Director Miles Gregory has ambitions to create a full-scale, portable version of the historic venue

Global ambitions: Dr Miles Gregory
Global ambitions: Dr Miles Gregory
© Jordan Arts

The power of Shakespeare performed in its original surroundings transformed my life.

June 1997. I had just finished my first year at university, preparing for a career as a lawyer. I was broke, staying on a friend's sofa. One afternoon, idling on the south bank, I walked through the doors of the newly-opened Shakespeare's Globe for a production of Henry V.

That afternoon at the Globe changed me. I had never seen theatre like this before. Like a party.
Standing in a sea of hundreds of people. Cheering, booing, clapping. All of us sharing the same space, the same lighting. The actors talking right at me. Looking me in the eye. This wasn't history. This was now. Alive. For the first time I fully understood Shakespeare. I got it. And when I walked out I was a different person.

I returned to Durham, became president of the college Shakespeare company; studied for my MFA in staging Shakespeare at Exeter and my PhD in Shakespearean performance at Bristol. Directed, produced, ran a theatre.

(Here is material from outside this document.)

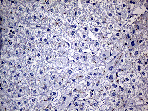 - Immunohistochemical staining of paraffin-embedded Human liver tissue within the normal limits using anti-FAM151B mouse monoclonal antibody.(Heat-induced epitope retrieval by 1mM EDTA in 10mM Tris buffer (pH8.5) at 120°C for 3 min, TA811466)(1:500)

My whole professional life has been spent seeking to recreate that energy, that lightning bolt of understanding that changed my life on that summer's afternoon nearly twenty years ago.

In time I realised, as so many have before me, that it's the energy of the building that has the potential to bring Shakespeare to life. It's the shared space, the triple-galleried cockpit, the restless crowd, the direct address. It's these conditions of performance that create a transformative experience – particularly for young people.

Three years ago I moved back to my native New Zealand with my growing family. One Sunday I was reading a pop-up book to my oldest child, Nancy. Shakespeare's Globe popped up. "Can we go there?", she asked. I explained that the Globe was a long way away – and then I stopped, and thought.

A pop-up Globe.

A full-scale, temporary, working theatre space that precisely replicates the dimensions of the Globe Theatre. That can quite literally 'pop-up' anywhere.

Built from honest, simple materials – scaffolding, plywood, paint – using the smoke and mirrors of theatre to 'stage' the Globe so successfully that on first viewing you think you're looking at the real thing. A way for people who will never be able to travel to London to unlock the incredible power and beauty of Shakespeare performed in the space for which it was written.

Because it's all about experience. And there's something about a pop-up theatre that captures the world-changing magic of Shakespeare's original.

Computer image of the 'Pop-up Globe'
Computer image of the 'Pop-up Globe'
© camelspace.com

Our Pop-up Globe will hold nearly 1000 people. We hope that over 20,000 school-children will attend our performances in Auckland alone. And we're working with partners to take the Pop-up Globe to cities and arts festivals everywhere to change lives and bring communities together around the world.

To see this iconic building briefly juxtaposed with the skyline of your own city, far away from London, will be a tremendously exciting moment.

The Pop-up Globe will be one of the most fascinating entertainment events in history, marrying rigorous academic research with superb professional theatre to create an unforgettable night of entertainment.
It might just be the most powerful experiential education tool ever invented in the fields of Shakespeare, English studies, and drama.

Above all, this will be a theatre that Shakespeare would have immediately recognised and loved. In fact, he'd probably build it himself if he were still around.

And he would have known – as we do – that it will be great fun.